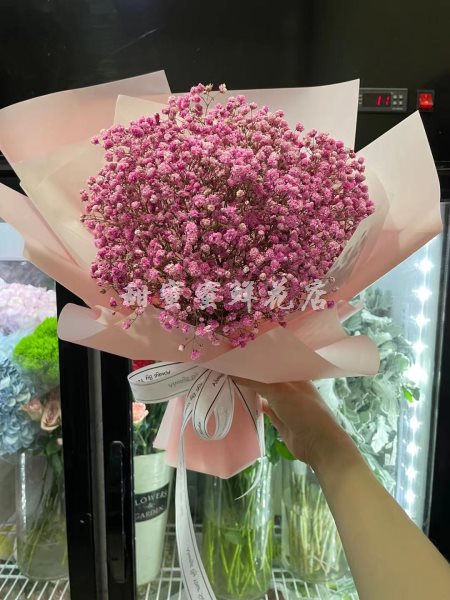白色雾面纸+粉色雾面纸韩式扇形包装,精美咖啡色条纹丝带蝴蝶结束扎。
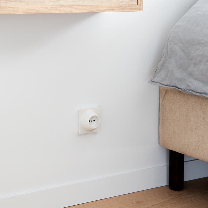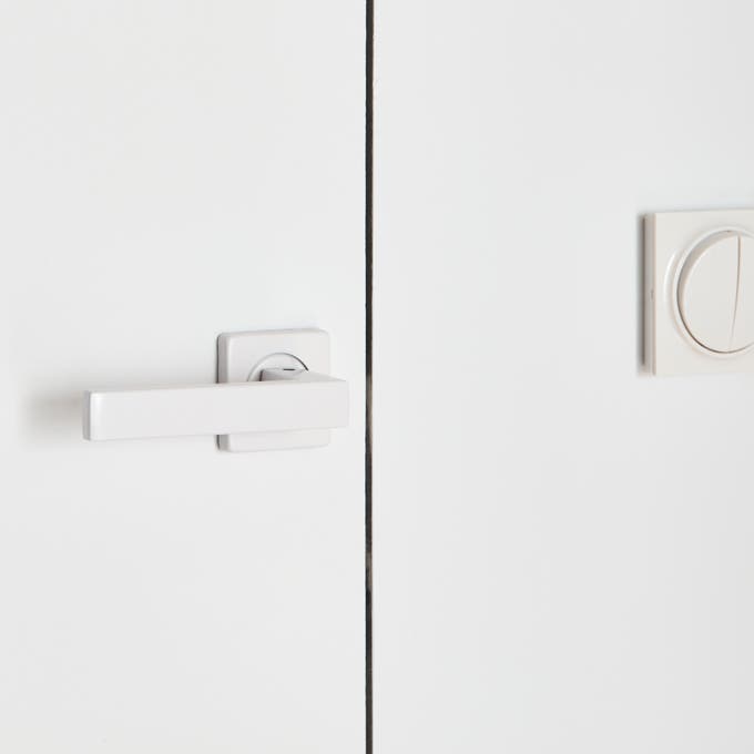 Pour les appliques, les interrupteurs, les prises ou la poignée de porte, on choisit des formes épurées et des modèles blancs pour une belle unité d’ensemble.
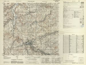 Hier finden Sie ein Meßtischblätter 1:25.000, von Deutschland, aus der Zeit der 1930er Jahre. Diese Karte wurde von Amerikanern damals bei Eisenschmidt gekauft und wurde in den USA für das amerikanische, später britische und französische Militär, bearbeitet. Überarbeitet in Form von Färbungen und Markierungen wurden diese Karten bis in die 50er Jahre.

● **TASK OBJECTIVE**: Output an exact copy of the material, with the pictures removed.

● **RESPONSE**:
白色雾面纸+粉色雾面纸韩式扇形包装,精美咖啡色条纹丝带蝴蝶结束扎。
 Pour les appliques, les interrupteurs, les prises ou la poignée de porte, on choisit des formes épurées et des modèles blancs pour une belle unité d’ensemble.
 Hier finden Sie ein Meßtischblätter 1:25.000, von Deutschland, aus der Zeit der 1930er Jahre. Diese Karte wurde von Amerikanern damals bei Eisenschmidt gekauft und wurde in den USA für das amerikanische, später britische und französische Militär, bearbeitet. Überarbeitet in Form von Färbungen und Markierungen wurden diese Karten bis in die 50er Jahre.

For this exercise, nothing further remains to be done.